Of course it is more carbon efficient to produce electricity from wind or solar. We already know how to make hydrogen with green electricity, using electrolysis to separate water into its constituent molecules of hydrogen and oxygen. But so far, electrolysis is expensive and the vast majority of hydrogen still comes from methane.
"Eighty-five per cent of the world's hydrogen production is based on this technology and, believe me, hydrogen has many other users in the chemical industry," says Chahine. "They produce millions of tonnes a year, so this is a very mature technology."
While researchers are trying to make that process more efficient, any gains are likely to be small.
That's why researchers are now trying to invent new methods of separating hydrogen from natural gas that are more efficient and actually extract the carbon before it is burned.
A new process invented in Germany called methane cracking using molten tin extracts hydrogen leaving a residue of solid carbon powder. The process was profiled recently in The Economist. The scientists say they are three years away from an industrial prototype.
As always, the move from invention to commercial production is fraught.
A Canadian startup, New Brunswick-based Atlantic Hydrogen, had a carbon free system of its own to crack methane using microwave plasma, but the company went broke this autumn before it could create a commercial-sized facility.

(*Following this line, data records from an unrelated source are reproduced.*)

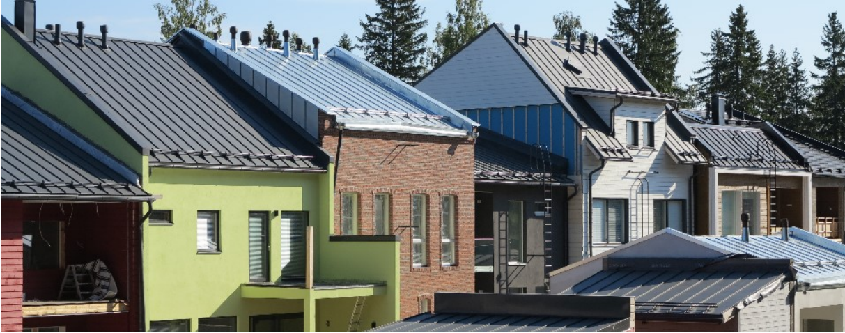
Kaupunkipientaloja Pirkkalan Tuohikorvessa
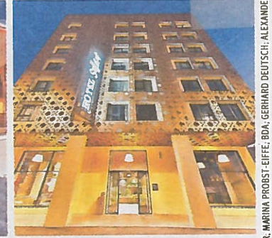
Hotel Schani beim Hauptbahnhof Wien. Entwickler: H5. Architekt: archisphere Gabriel Kacerovsky ZT
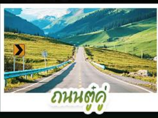
ถนนตู้ตู้
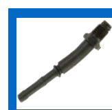
ATS1212H 1/2" hose barb
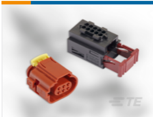
TE 产品编号1-967623-1 Timer Connector Housing
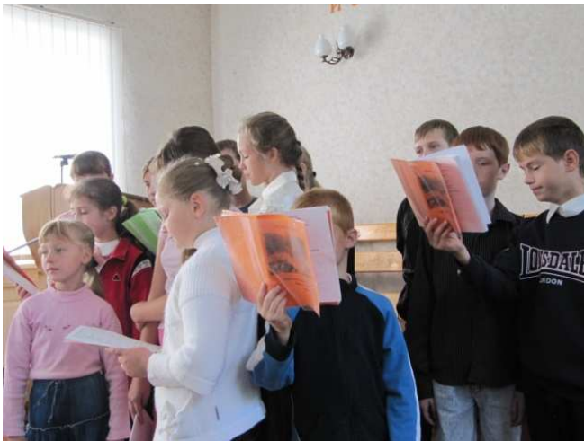
Kinderkoor: Kerk Poltava

Op het terrein van de kerk, is ruimte om de bussen te parkeren. De Bijbels, lectuur en kleding worden dankbaar in ontvangst genomen. Er wordt veel geëvangeliëerd onder alcohol en drugs verslaafden. Men is dankbaar voor de vele gaven, die ze van harte inzetten voor het evangelisatie werk.
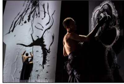
Die Bakchen
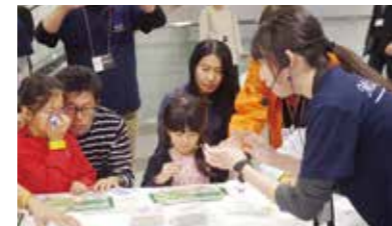
▲転石を活用した岩石標本づくりの様子

栗駒山麓ジオパークでは、地質・地形遺産の価値を広く伝え、保全と資源の賢明な利用の促進へ向けた活動に取り組んでいます。私たちの豊かな暮らしの背景にある、多様な国際問題や地域課題に目を向けてもらえるような教育活動などを、今後も継続していききたいと思います。
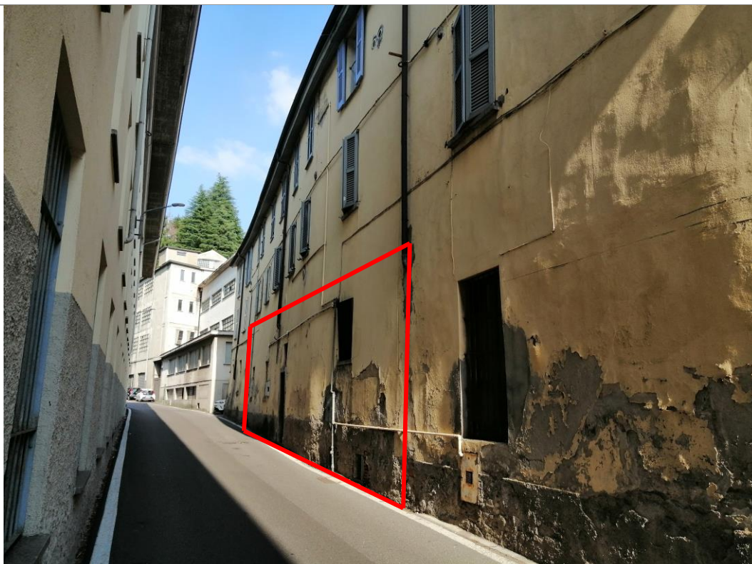
Individuazione unità da via Pannilani
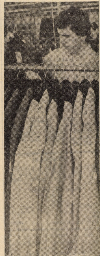
Control interfazic al confecțiilor la întreprinderea „Steaua Roșie” Sibiu.
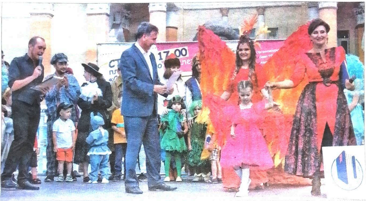
■ Человек доброты и той красоты
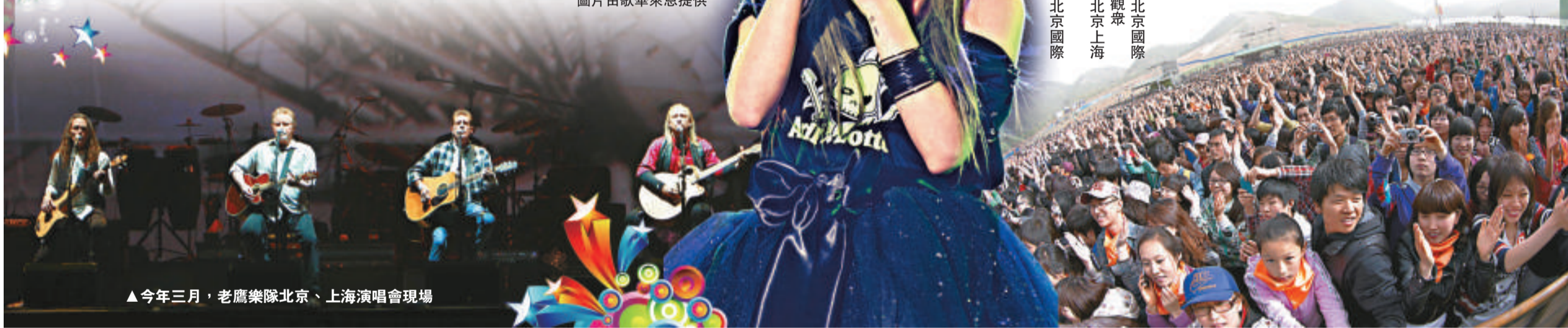
▲今年三月,老鷹樂隊北京、上海演唱會現場

Axel Meisen, who analyses the potential future of scientific developments especially in the energy sector, sees a long-term advantage for Canadian natural gas if these technologies become competitive. That could be helped by higher carbon pricing.
However, he sees one additional barrier to the carbon extraction process.
Carbon as fertilizer?
"An important issue is what to do with the carbon," says Meisen, formerly at Alberta Innovates.
Another researcher, David Fletcher, Chief Technology Officer at the small Montreal-based startup CarbonTwice, thinks he has that one licked. Fletcher says he has a way of turning the carbon into a fertilizer "where the carbon components remain in the ground indefinitely."
He imagines a related process could be used for extracting carbon-free hydrogen from the oil sands.
In Vancouver, arguably the birthplace of the modern hydrogen fuel cell, Walter Merida is the director of UBC's Clean Energy Research Centre. Merida says that in early stage research, hydrogen is hot.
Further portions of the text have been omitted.